Il 36 percento però dichiara di essere sul punto di compiere questo passaggio entro fine anno e il 40 percento di trovarsi pronto entro il 2017. Sono percentuali confortanti che hanno suggerito il commento di Fabio Spoletini, country manager di Oracle Italia: “Nonostante il clima economico ancora incerto, le imprese hanno ormai compreso che la velocità in cui s’innova è l’unica via per acquisire vantaggio competitivo ]…[ L’alba dell’Industria 4.0 vede le aziende viaggiare su due corsie dell’innovazione, quella veloce e quella lenta. L’aumento delle infrastrutture cloud integrate ha reso più economico, facile e veloce diventare competitive”.

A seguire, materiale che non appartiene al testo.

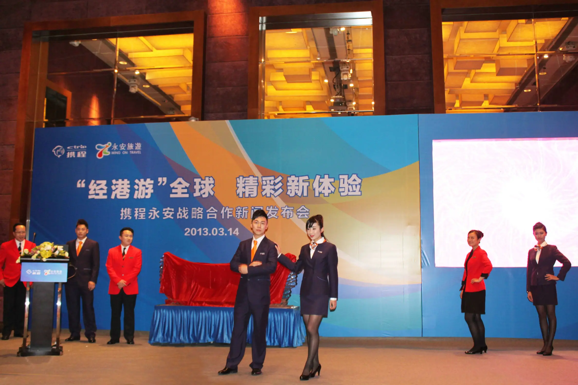 永安旅遊及攜程旅行網的專業領隊一同合作表演,為新聞發佈會揭開序幕
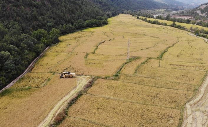 Karabük’te, yaklaşık 500 dekar alanda ekimi yapılan Osmancık çeltiğinin hasadı başladı.
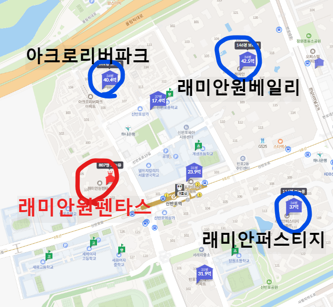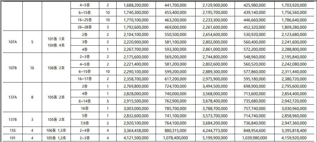 | 래미안원펜타스 | - | 59 ㎡ 1,647,900,000 - 1,746,100,000 84 ㎡ 2,101,300,000 - 2,333,100,000 107 ㎡ 2,654,600,000 - 2,975,900,000 137 ㎡ 3,494,500,000 - 3,788,700,000 |
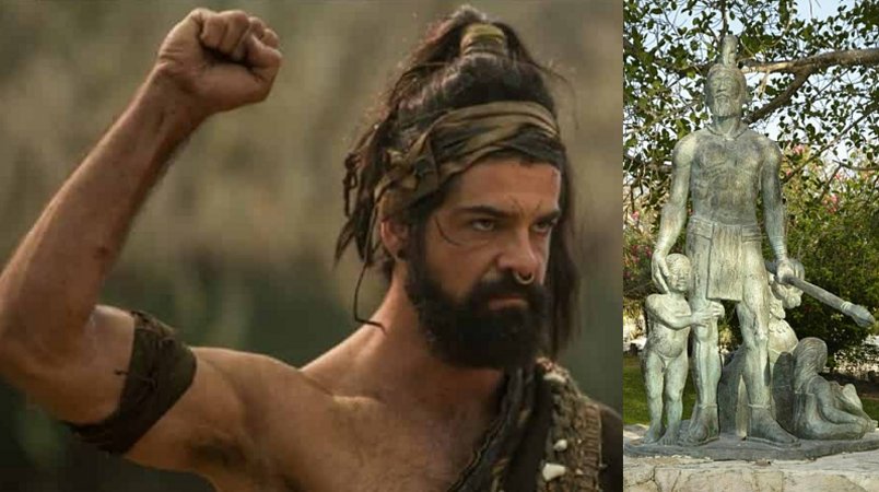 Left: A movie was made about the incredible life of Gonzalo Guerrero - Image source - Right: Statue by Raúl Ayala Arellano in Akumal, Quintana Roo commemorating Gonzalo Guerrero - Credit: Public Domain
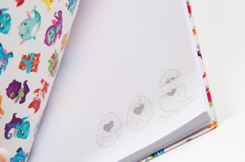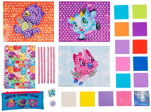 Mozaika zábavná Hatchimals – balení obsahuje zápisník, listy pro mozaiku s čísly, ořezávátko, gumu, penál na zip, 5 obyčejných tužek a samolepky.

Il dettaglio delle realtà italiane pone il nostro Paese in linea con i buoni dati Emea. Così circa metà del campione risponde all’indagine confermando di stare già implementando tecnologia robotica, e il 57 percento di avere in corso progetti legati all’Intelligenza artificiale. Sempre in Italia, emerge dalla ricerca come il 9 percento delle aziende abbia già integrato un modello basato su cloud per la gestione di app legacy e di nuove piattaforme e in questo caso il risultato ci pone sopra la media dei risultati in area Emea.

Ci sono ancora due terzi del campione comunque che pensano di farlo quest’anno e nel 2017, è dato per scontato che il modello che agevola questi sforzi sia il cloud. Restano come ostacoli, tipici del nostro tessuto produttivo, per il 62 percento un’infrastruttura IT troppo rigida, che frena l’innovazione, per il 47 percento invece è critica la gestione delle applicazioni quando non sono in grado di dialogare tra loro.

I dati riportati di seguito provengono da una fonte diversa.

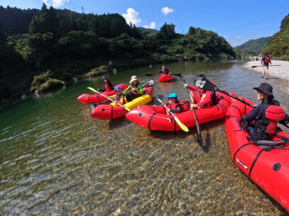 初心者OK!のんびり楽しめる4kmパックラフトコース 四国・高知県の清流「吉野川」で楽しむパックラフト体験。「急流や長距…
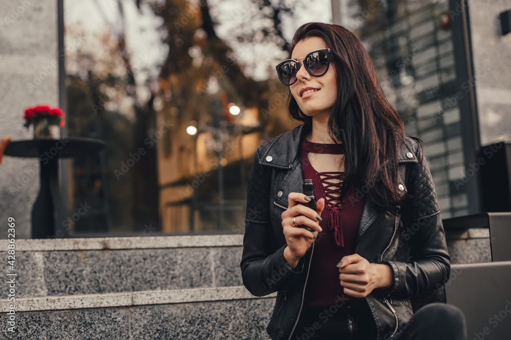 Beautiful stylish brunette with e-cigarette. Vaping concept.
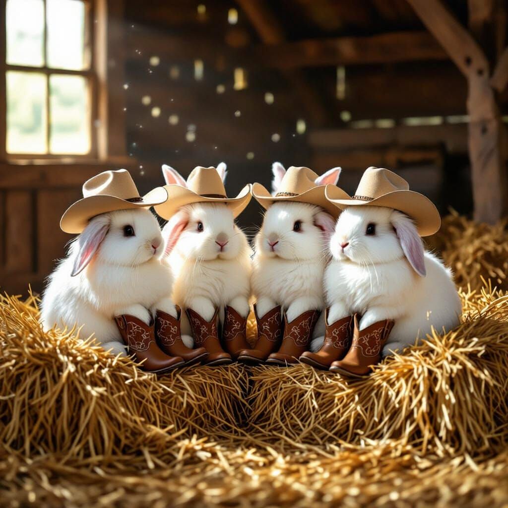 This image shows four fluffy white rabbits dressed in tiny cowboy boots and hats, sitting on hay bales inside a rustic barn. The illustration style is whimsical and detailed, reminiscent of classic storybook art.
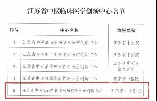 近日,江苏省中医药管理局公布了全省五家中医临床医学创新中心的名单,无锡市中医医院作为唯一一家宁外地市级医院摘得了“江苏省退行性骨关节病临床医学创新中心”的称号。
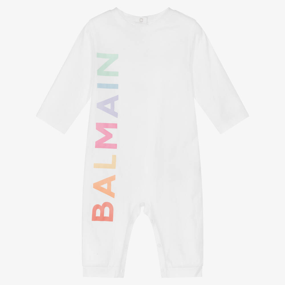 Lovely white organic cotton romper for baby boys and girls by luxury French brand Balmain. Made in soft and stretchy jersey, this fun one-piece has colourful logo lettering down one side of the front, for a playful designer style. There are convenient poppers on the back and between the legs, to help make dressing fuss-free.
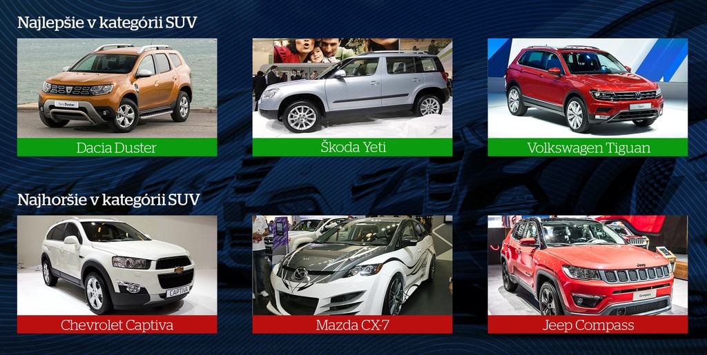 Slovenskí motoristi majú v obľube stále viac vozidlá typu SUV. Čo sa týka trhovej ceny, medzi päťročnými autami si najlepšie držia hodnotu Dacia Duster, Škoda Yeti a Volkswagen Tiguan. Naopak, najväčší percentuálny rozdiel medzi cenou nového a jazdeného vozidla majú po piatich rokoch užívania Chevrolet Captiva, Mazda CX-7 a Jeep Compass.
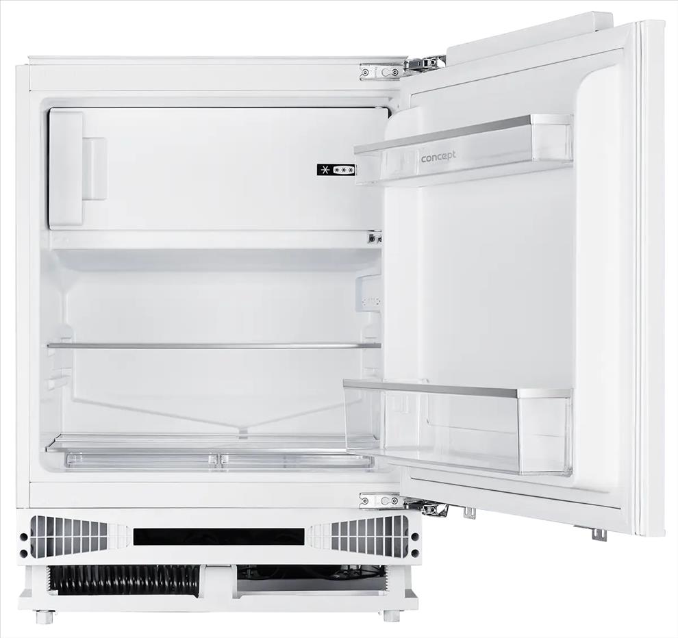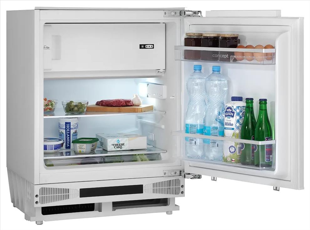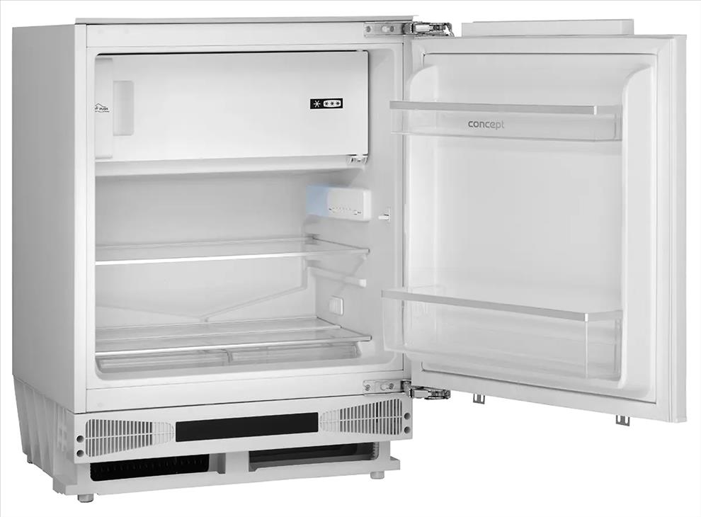 Vestavná lednice Concept LV3260 je kompaktní model s objemem 111 l vhodný pro menší domácnosti, kanceláře nebo chaty. Disponuje 16l mrazákem, úsporným LED osvětlením, invertorovým kompresorem, alarmem nedovřených dveří a možností záměny otevírání dveří.

E poco meno della metà del campione fa fatica a gestire i finanziamenti per l’investimento. Che al centro ci siano difficoltà serie a livello di integrazione applicativa è confermato dal fatto che metà del campione dichiara che i modelli di integrazione delle varie applicazioni e le tecnologie di cui dispongono adesso crea inefficienze nell’azienda sui tempi di introduzione di innovazioni, bisogna lavorare anche sulla capacità di sfruttare al meglio funzioni indispensabili per l’Industry 4.0 come gli analytics.

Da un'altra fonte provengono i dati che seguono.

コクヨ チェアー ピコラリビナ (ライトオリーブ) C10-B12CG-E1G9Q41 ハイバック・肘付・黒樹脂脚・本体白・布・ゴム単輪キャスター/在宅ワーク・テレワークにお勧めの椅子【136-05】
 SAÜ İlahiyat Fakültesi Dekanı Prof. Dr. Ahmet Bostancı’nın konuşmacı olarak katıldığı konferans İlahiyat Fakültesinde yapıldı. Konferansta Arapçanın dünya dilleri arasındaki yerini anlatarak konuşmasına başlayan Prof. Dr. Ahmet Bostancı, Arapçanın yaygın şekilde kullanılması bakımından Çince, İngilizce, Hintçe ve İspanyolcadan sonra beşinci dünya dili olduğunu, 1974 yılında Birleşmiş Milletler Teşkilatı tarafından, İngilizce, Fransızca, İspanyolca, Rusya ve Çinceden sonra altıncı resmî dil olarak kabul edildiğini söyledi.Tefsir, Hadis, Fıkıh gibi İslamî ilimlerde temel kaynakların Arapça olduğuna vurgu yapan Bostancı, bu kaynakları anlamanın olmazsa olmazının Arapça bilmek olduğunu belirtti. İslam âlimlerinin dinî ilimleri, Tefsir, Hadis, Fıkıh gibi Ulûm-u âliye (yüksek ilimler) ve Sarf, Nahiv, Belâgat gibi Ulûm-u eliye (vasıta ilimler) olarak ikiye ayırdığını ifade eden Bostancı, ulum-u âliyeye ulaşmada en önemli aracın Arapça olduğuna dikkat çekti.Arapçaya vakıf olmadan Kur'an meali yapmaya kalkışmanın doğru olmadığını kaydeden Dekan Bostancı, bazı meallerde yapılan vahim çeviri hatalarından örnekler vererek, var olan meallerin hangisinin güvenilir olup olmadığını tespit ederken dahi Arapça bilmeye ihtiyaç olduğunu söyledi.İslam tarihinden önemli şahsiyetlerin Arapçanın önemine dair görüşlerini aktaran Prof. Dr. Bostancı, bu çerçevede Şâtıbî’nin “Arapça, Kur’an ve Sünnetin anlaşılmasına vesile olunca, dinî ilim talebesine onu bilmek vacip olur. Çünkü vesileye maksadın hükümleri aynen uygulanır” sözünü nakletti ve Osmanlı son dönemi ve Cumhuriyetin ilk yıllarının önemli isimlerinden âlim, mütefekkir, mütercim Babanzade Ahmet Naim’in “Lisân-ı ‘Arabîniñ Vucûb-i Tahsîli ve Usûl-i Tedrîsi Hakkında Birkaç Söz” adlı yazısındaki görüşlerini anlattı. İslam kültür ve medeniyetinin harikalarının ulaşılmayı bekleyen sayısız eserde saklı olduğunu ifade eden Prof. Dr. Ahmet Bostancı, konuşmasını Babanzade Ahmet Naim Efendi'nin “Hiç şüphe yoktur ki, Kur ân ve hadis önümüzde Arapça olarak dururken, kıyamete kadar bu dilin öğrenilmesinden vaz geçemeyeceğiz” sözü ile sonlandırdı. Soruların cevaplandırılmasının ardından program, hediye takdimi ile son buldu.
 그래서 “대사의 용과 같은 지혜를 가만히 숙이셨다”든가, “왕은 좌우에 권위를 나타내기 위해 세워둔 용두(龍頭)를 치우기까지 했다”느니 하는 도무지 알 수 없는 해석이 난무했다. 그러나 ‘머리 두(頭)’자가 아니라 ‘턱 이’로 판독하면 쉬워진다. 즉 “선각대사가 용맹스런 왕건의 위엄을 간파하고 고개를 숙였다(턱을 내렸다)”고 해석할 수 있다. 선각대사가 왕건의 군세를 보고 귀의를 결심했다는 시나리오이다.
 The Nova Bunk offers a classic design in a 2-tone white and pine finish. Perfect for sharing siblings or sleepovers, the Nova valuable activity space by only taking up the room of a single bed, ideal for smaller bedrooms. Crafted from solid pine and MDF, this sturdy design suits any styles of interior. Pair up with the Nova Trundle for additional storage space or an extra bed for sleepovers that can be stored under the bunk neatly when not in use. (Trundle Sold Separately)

Se è vero che AI (Intelligenza artificiale), robotica e automazione sono alla guida della transizione e rappresentano gli asset, essi – gli analytics – rappresentano i primi strumenti su cui fondare scelte strategiche e possono portare frutto solo se in azienda è già efficiente la concertazione applicativa e vi sono le competenze necessarie.